The Life of a Yogi—Walking in the Shoes of BU Yoga Instructor Sharon Cardamone

Sharon Cardamone is a yoga instructor at Boston University. Along with many types of yoga including intro classes, Ashtanga and Mysore style, she teaches Pilates and meditation classes. She teaches at least one of these interesting and competitive classes every day at BU.

Yoga mats and blankets used for BU yoga classes.

As a track and cross-country runner in high school, Sharon found yoga early in life. Her practice consisted primarily of Vinyasa yoga, a version of Ashtanga yoga which lets the instructor have free choice of the movements within the flow. Whilst going to Vinyasa classes in New York City she discovered Ashtanga yoga, which consists of a set of fixed postures that occur in a certain order.

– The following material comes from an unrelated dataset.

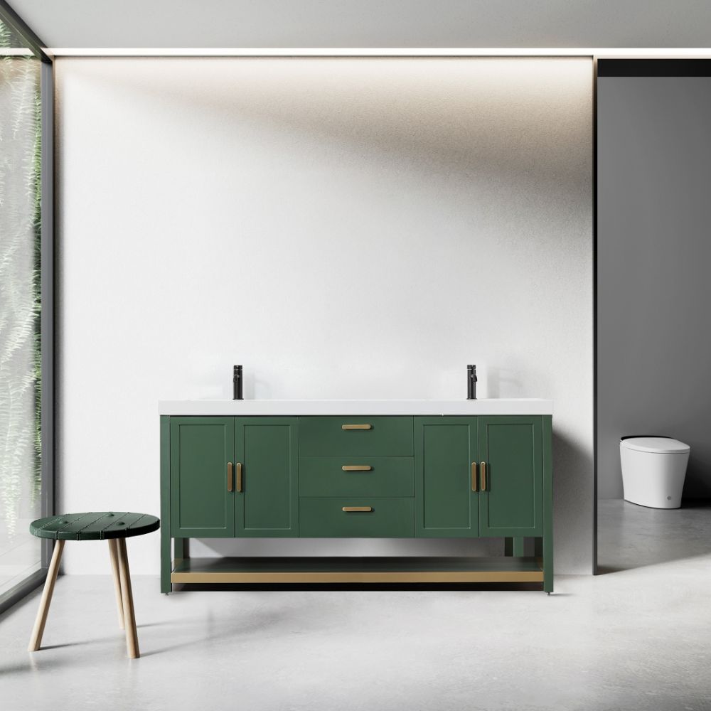 Winchester 72 inch Freestanding Double Bathroom Vanity With White Top – Forest Green

After this, she began focusing her practice on Ashtanga yoga, which led to her teaching it!

Sharon Cardamone teaching a yoga class at BU

In New York City, she trained under Pattabhi Jois, who assisted in developing Ashtanga yoga in India and popularized it in America. Sharon describes Jois as having a “kingly presence,” as he was someone who held authority in a way that others automatically respected. This yoga was taught Mysore style, which meant it was individualized, and each student went at their own pace while remembering the postures on their own. This is how Sharon currently teaches her Mysore Ashtanga yoga classes.

An outdoor yoga class at Boston University.

Sharon practices yoga every day, whether this means meditation, Hatha yoga (which is holding one position for extended periods of time), or teaching a class. She describes how the effect of yoga is a sense of connection, whether this means with your higher self, your physical body, others or your emotions. “Yoga means union,” she explains, yoga should be a connecting practice. She made sure to clarify that although the outcome of yoga is to be connected, she instead does yoga to make her happy, explaining that yoga has had a strong positive impact on her life. Struggling with depression and anxiety during her early stages of life, she credits yoga as being the force to pull her out of those dark states. Yoga gave her a sense of inner peace and happiness that she had been lacking before. Sharon hopes that others who may struggle with mental health involve yoga and meditation into their lives as well, in hopes that it could affect others in the same way that yoga positively affected her life.

The discipline and resilience that comes with being a yogi is not only empowering but encouraging to those just beginning to incorporate yoga into their lives.